DSC_8473_DxOMais ce n’est pas fini. A Arcata (superbe allitération), il y a également un cinéma art et essai ainsi qu’un petit théâtre. Pour finir, je ne sais pas s’ils ont fait ça spécialement pour moi, mais le dernier soir où j’y suis resté, autour de la place centrale, c’était la grande soirée magasins ouverts jusqu’à 21h. Attendez, ne partez pas, si ce n’était que ça, mais non. Déjà je ne vous parle pas de magasins internationaux style Gap ou Zara mais de petites échoppes locales. De plus, non seulement tout le monde était dans la rue en papotant mais chaque magasin avait pour l’occasion embauché un groupe de musique live pour animer. ÇA c’est génial. C’est quand même autre chose que « Nature et Découverte » laissant son magasin ouvert en plein hiver en diffusant un CD de musique hypnotique ! Non ?

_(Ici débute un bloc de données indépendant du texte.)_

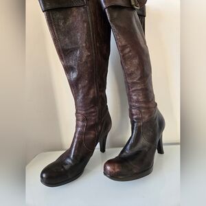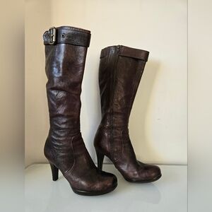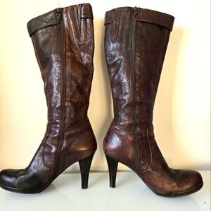 ARNOLD CHURGIN tall brown heeled leather boots. Size 39 (8-8.5)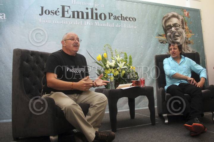 Rafael Vargas y Jesús Quintero durante la mesa “Octavio Paz y José Emilio Pacheco: la lectura, forma perfecta de la amistad” con motivo del natalicio de José Emilio Pacheco.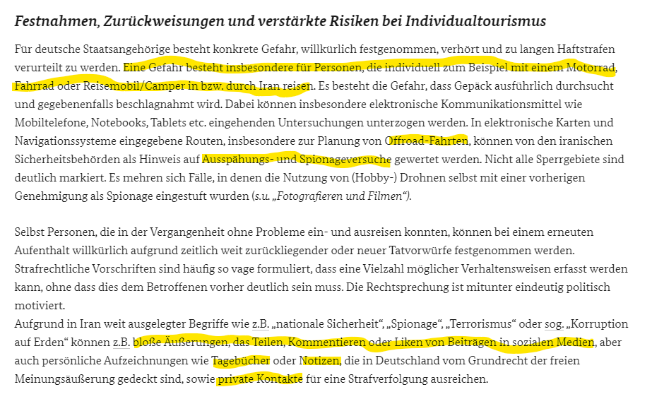 Wir sind eigentlich keine großen Fans der Reise- und Sicherheitshinweise des Auswärtigen Amtes. Denn wenn es nach ihnen ginge, dürfte man rein theoretisch aus Sicherheitsgründen nicht mal in die Türkei, einem der Hauptreiseziele der Deutschen, reisen. Aber so konkret, wie der Beitrag für den Iran derzeit ist, kann es deutlicher kaum noch werden. Und mit den meisten Anhaltspunkten der Reisewarnung deckt sich unsere Art des Reisens. Mittlerweile steht die Aufforderung zur Ausreise aus dem Iran auf derselben Stufe wie die von Afghanistan.
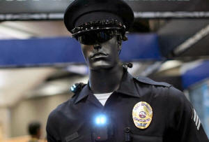 A mannequin dressed as a police officer to show off a body camera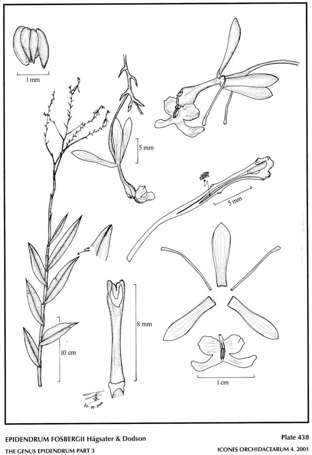 "Epidendrum fosbergii belongs to the GROUP Pseudepidenrum SUBGROUP Paniculatum characterized by the caespitose habit with cane-like stems carrying acute to acuminate leaves usually booming on an apical inflorescence and carrying flowers with filiform petals, and a usually 3 lobed lip with 3 parallel fleshy keels, with the apical lobe often bifurcate and the "bird wing" type pollina. The species is recognized by the successive flowers, long, thin column, reduced clinandrium, green f1owers, lip with a purple blotch on and around the disc, sepals .44" [11 mm] long, the apical lobes of the lip oblong and curved, apex rounded. It is similar to E. paniculatum Ruiz & Pávon (fide Garay, F) in size, but that species has slightly longer sepals .52" [13 mm], simultaneous f1owers and the apical lobes of the lip triangular and curved, more acute." Hagsater etal 2001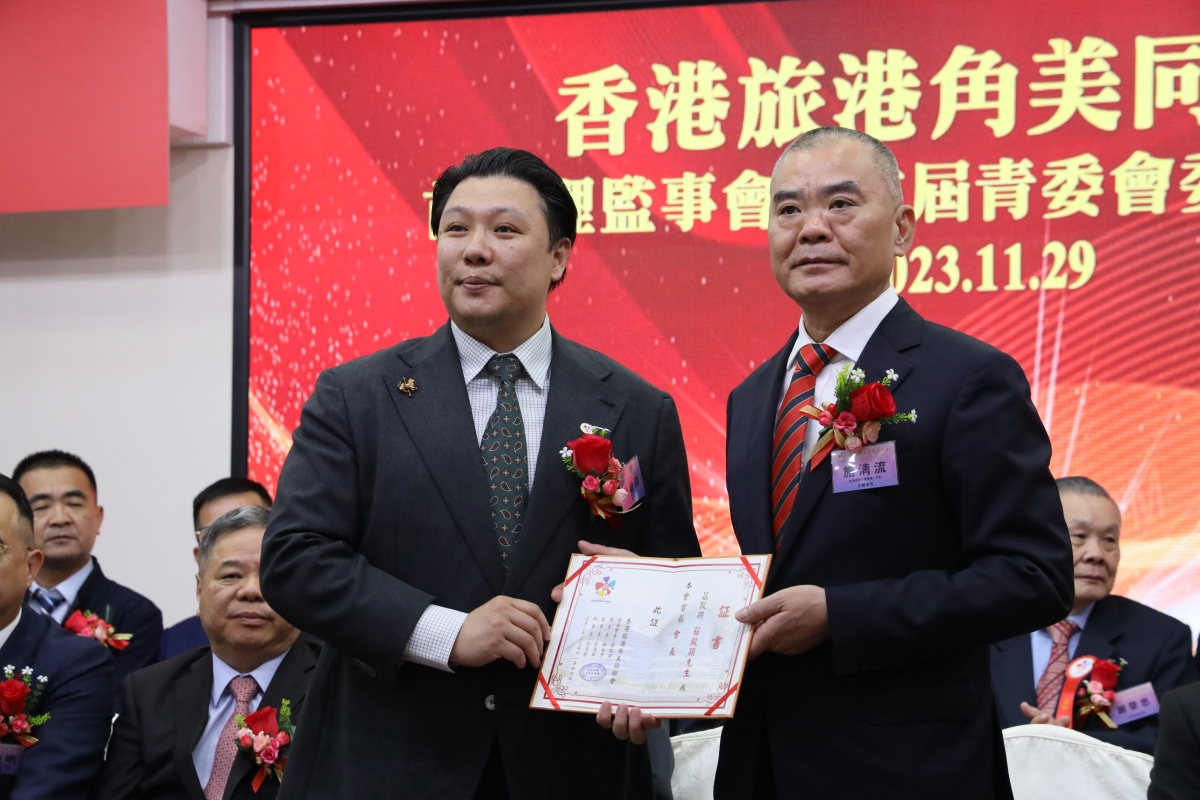 香港福建社團聯會主席施清流(右)向旅港角美同鄉會首屆會長莊毅穎頒發證書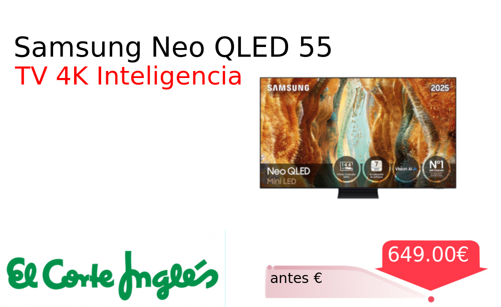 Buen Precio✨ Samsung Neo QLED 55❗️🆕 #Elcorteingles 📛Precio Ya 649.00€❗️ (PVP: +€) ✨Televisor Samsung con tecnología Neo QLED Mini LED de 139cm Resolución 4K y procesador con IA para mejorar contenido Experiencia visual inmersiva y colores. cholloya.com/TV_SAMSUNG_QN74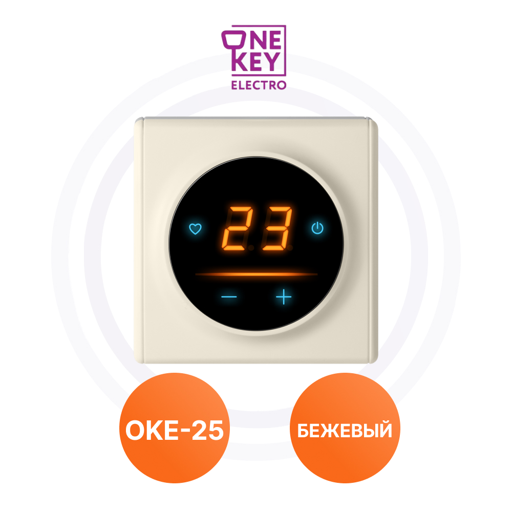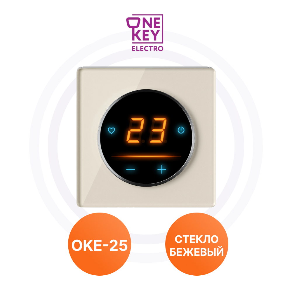 Комплект. Терморегулятор OneKeyElectro с WiFi ОКЕ-25 + рамка стеклянная, бежевый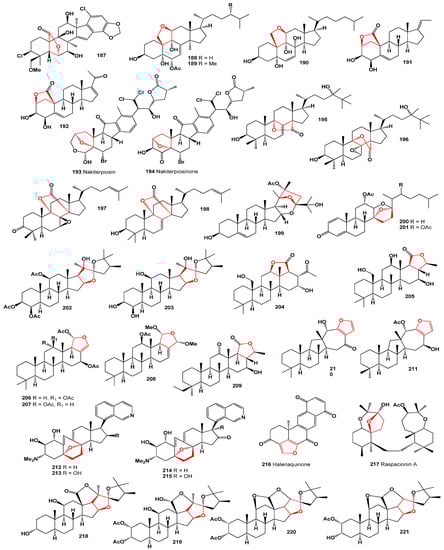 Walsura cochinchinensis bark extract yielded two limonoids, walsucochinones B (116) and C (117). The ethyl acetate extract and walsucochinone C (117) displayed cytotoxic activity against MCF-7 human breast cancer cells [114]. Melia toosendan (Meliaceae) root bark provided spirosendan (118), a skeletal limonoid with a spiro-structure [115]. Additionally, an aqueous methanolic extract of Cedrela odorata leaves yielded four tetranortriterpenoids: cedrodorin (119), 6-acetoxycedrodorin (120), 6-deoxy-9R-hydroxycedrodorin (121), and 9R-hydroxycedrodorin (122) [116].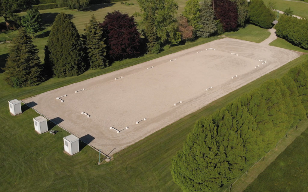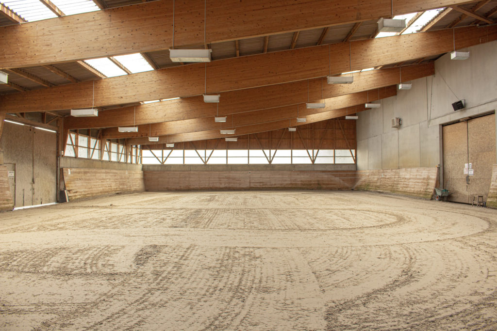 D’une surface de plus de 2600m² (66x40m), il s’agit d’un des plus grands manèges indoor de la région. Sable fibré de qualité.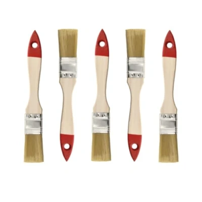 Versatile: synthetic bristles for solvent-based paints, alkyd and oil paints; paints wood, concrete, metal, tiles, PVC clean and streak-free; brush for painting, varnishing and glazing - ideal as a painting brush, varnish brush, glaze brush 5 x flat brush set 1 inch: approx. 25 mm bristle width, series 30 - synthetic light bristles, natural wood handle and steel ferrule; brush for wood stain, varnish, wall paint; perfect painting brush set for DIY and professionals PRECISE BRISTLE: 25 x 38 x 9 mm - Bright synthetic fibres distribute colour evenly, deliver perfect edges & long service life; Paint Brush/Paint Brush, Wood Exterior Glaze Brush & Brush for Wood Oil Robust steel tongs: steel fixes bristles firmly, prevents hair loss and ensures dimensionally stable, clean stroke even with solvent paints; professional quality for painting supplies and paint brush set Ergonomic natural wood handle: smooth, sits securely in the hand, reduces fatigue; hanging opening for quick drying and transport; ideal brush for wood paint, wood stain, varnish inside and outside, Manufacturer: KAEM Sp. z o.o. Sp. K.

Il y avait même une camionette distribuant du thé chaud gratuit. Du coup, on déambule dans la rue, zappant de musique en musique, le tatoueur abritant un DJ et un chanteur de rap, le voisin hébergeant un quatuor à corde ou l’autre un groupe de jazz New Orleans. Du coup, fatalement, il y a également quelques autres groupes dans la rue, invités par la municipalité dont un qui s’est amusé à reprendre quelques bons standards du rock bien énergiques. C’est d’ailleurs en commençant par eux que je me suis dit que c’était drôlement sympa ici. Mais c’était avant de plonger dans l’ambiance festive, malgré une soirée fraiche.

Arcata, je n’y suis pas resté si longtemps que ça (deux jours, à peine), la faute à la météo, à l’envie de bouger et d’autres paramètres plus difficiles à cerner. Mais, Arcata, en partant, je me suis dit, c’est les Etats-Unis qu’on aime aimer.